My advice is talk to friends and family, go and talk to your employer (only when you feel able) but do so on the basis of you are in control and what you decide from that meeting will be your decision based on what is good for you! :0)
Best Wishes

Phil

how

sorry to ask how do you create a blog im new here

 

i understand

hi. i totally understand, i am at college and i am worried that my friends that i have made there will find out, they are really nice though because i told them i use to have depression and they always ask me how i am and i feel like i can talk to them and i have on a couple of occasions, but if they found out i had (schizophrenia)
omg it would be really awkward and god knows what they might think and if it will be spread throughout the rest of the college, i don't think i could take all those people pointing and talking about me like that (my idea of what might happen) and i'd be like the guy with the "disease" mental of course lol, but sometimes i think my freinds know more than what i think they do; maybe one of them heard about my past somehow (something else that has been really niggling me) and i feel like asking "what do you know?" or "what have you heard, who have you been talking to" it's pretty bad but i try and ignore it so it's not as bad, i have also been really tired in class and squinting my eyes and my eyes flicker sometimes and people must notice, find it hard to concentrate etc, idk if there will ever be a time where i can tell them, but i guess i am just waiting for the right time "if that ever happens" thanks for starting this blog, take care.

depression/ anxiety

hi there :) i have recently visited a very tough time in my life, always struggled to make what i call a true friend since my mum n dad split when i was young , i have never formed a close relationship since ! for fear of lod=sing people i get close to , i'm hoping people will chat on here and help me combat some of my fears and me thiers , now its time to change :) x thanks

Loneliness of depression

I think that for me the diagnosis of acute and severe depression was the equivalent of someone throwing me a life line.

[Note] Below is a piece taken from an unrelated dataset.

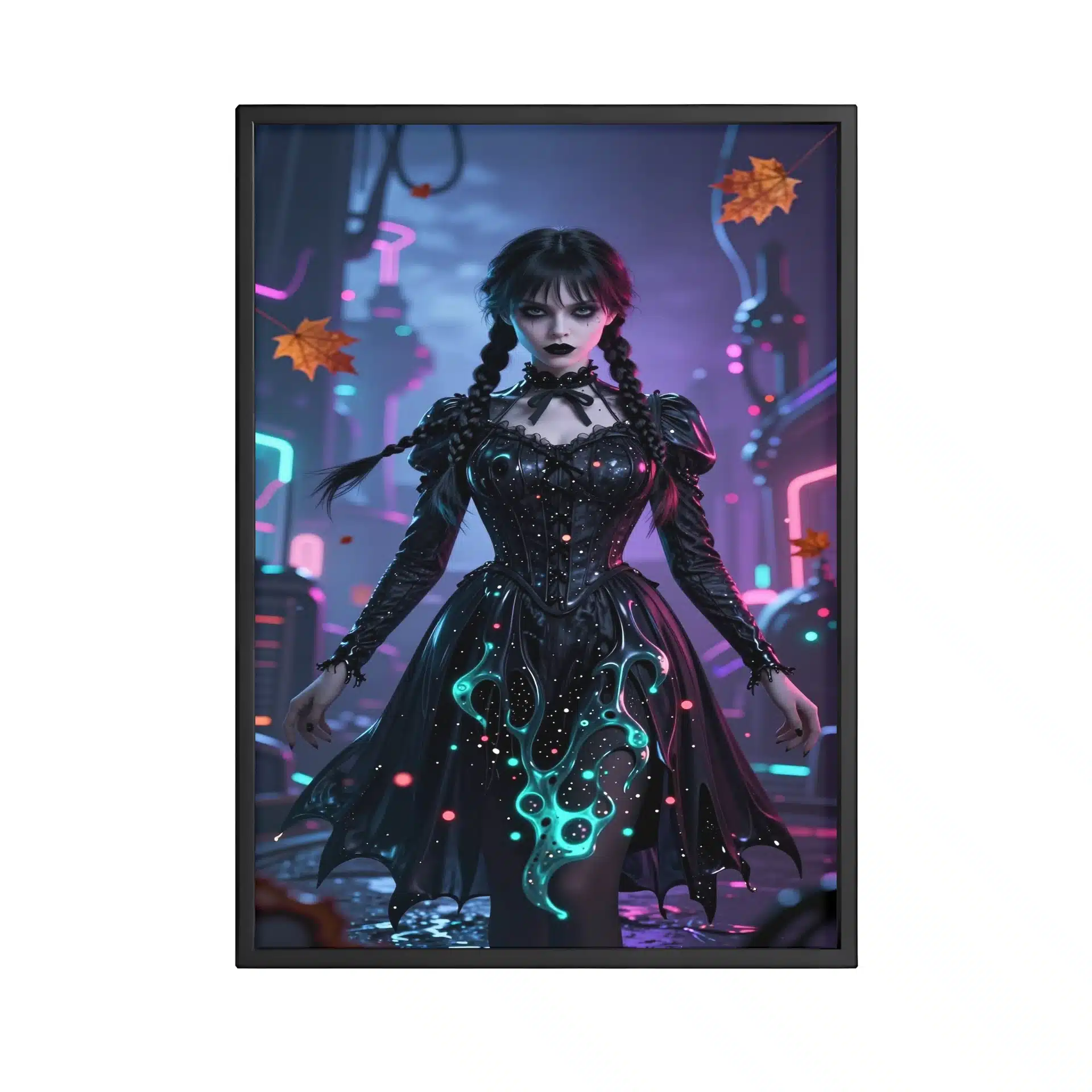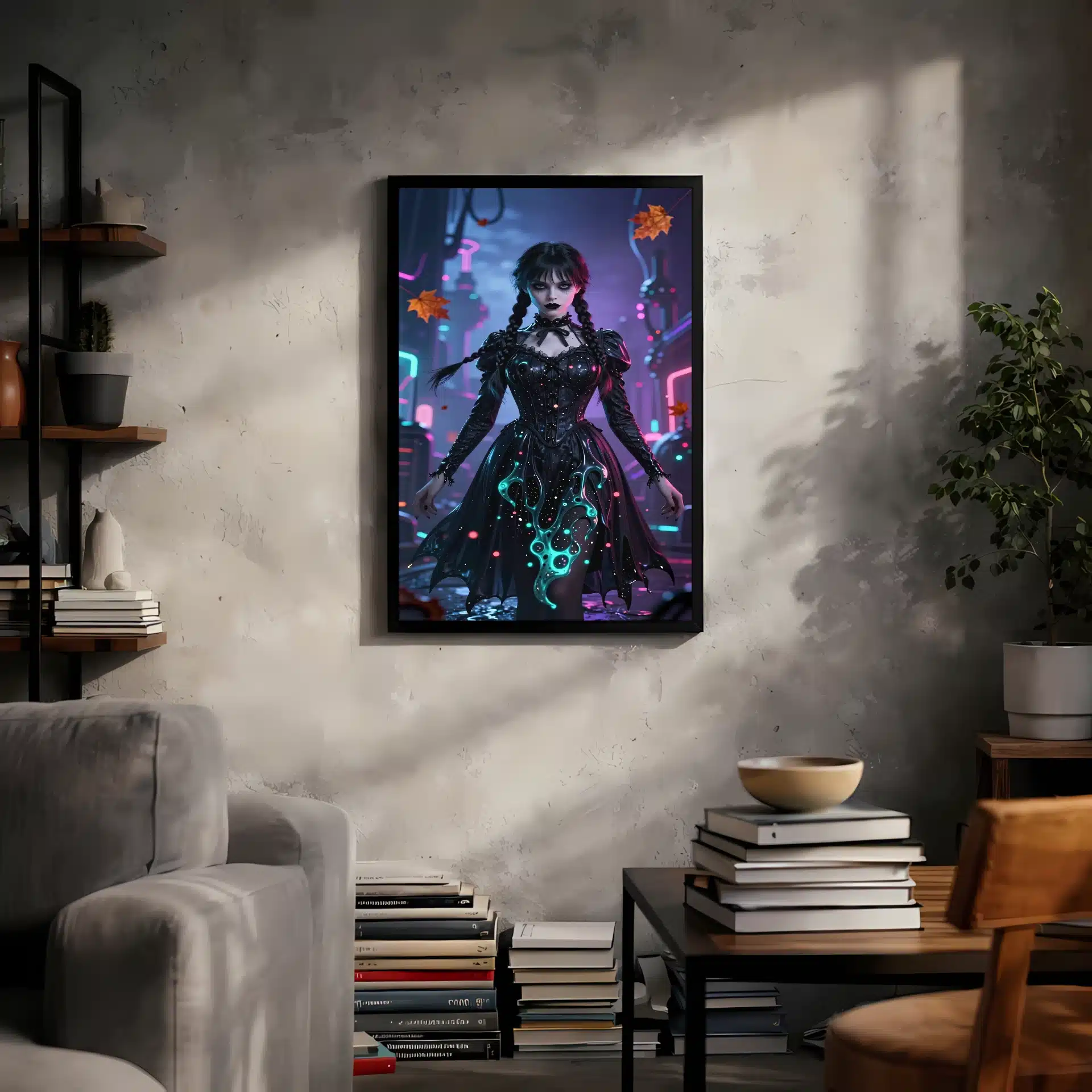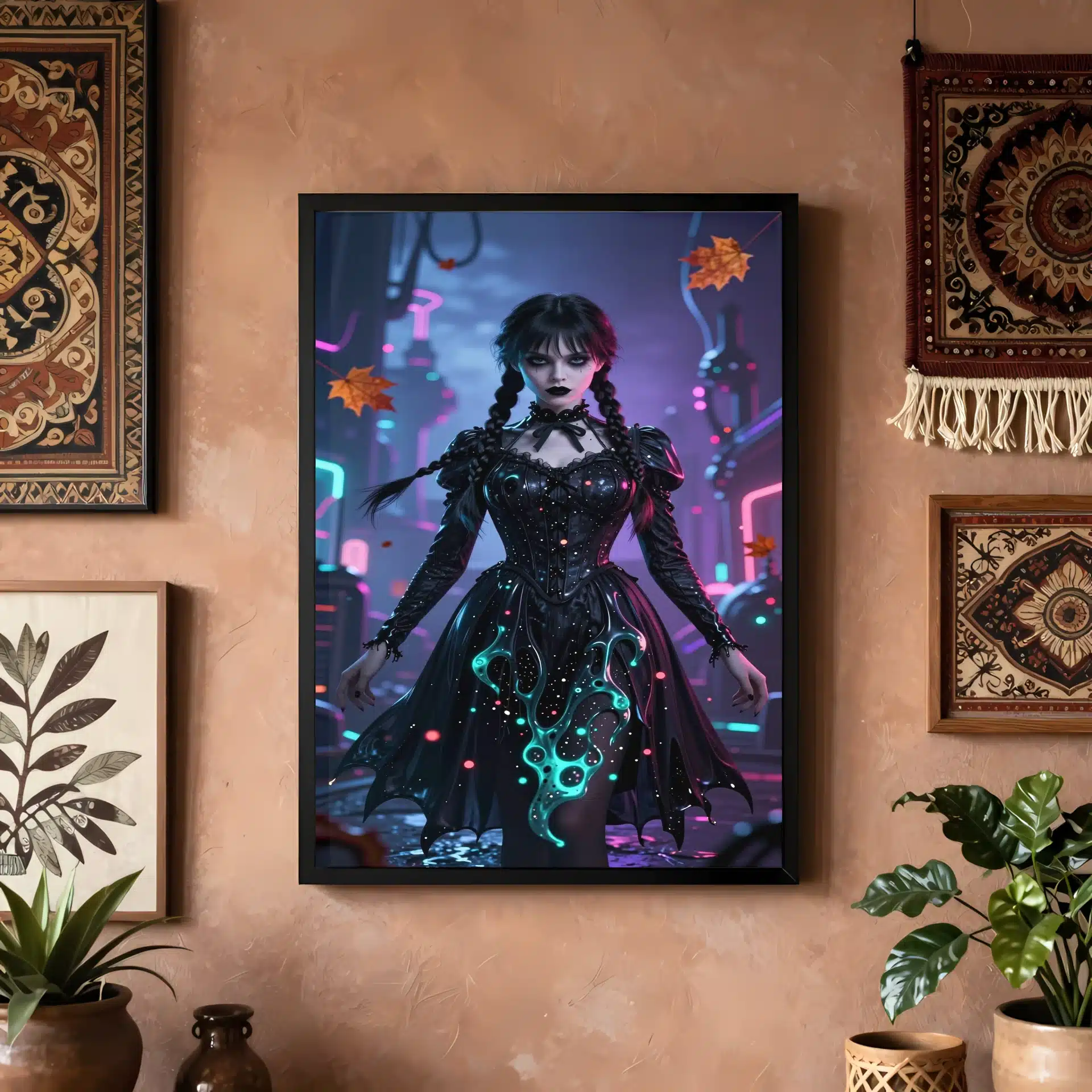 این قاب عکس از ونزدی آدامز، با الهام از سبک انیمه و فضای نئون شهری طراحی شده است. ترکیب تاریک و گوتیک شخصیت با المانهای سیبرپانک، تصویری خیرهکننده و منحصر به فرد خلق کرده است.

It was finally time to acknowledge depression, not fight the prejudice of my own mind but use it as a launch to reach out , explain and give life a better chance than I had until then. No kidding it can be the loneliest place to be but the courage it takes to share these kind of deep, dark and bleak feelings and still be there to greet a new day can only make you a more compassionate and rounded human being. The funny part is, it only takes one to start talking about mental health and you have the whole world, or so it seems, wanting to share with you. Depression = the horror of being abandoned to the silence of the noisy mind.
Thank you !

I definitely think this

I definitely think this highlights the importance of talking to the RIGHT people. I've had an experience in the past where I was forced out of my flat by my flatmates purely because of my mental health problems and I've always regretted telling them now and worry about telling anyone else, but this blog gives me hope that come the right person, it can pay off and finally outweigh the bad I've experienced! Thank you!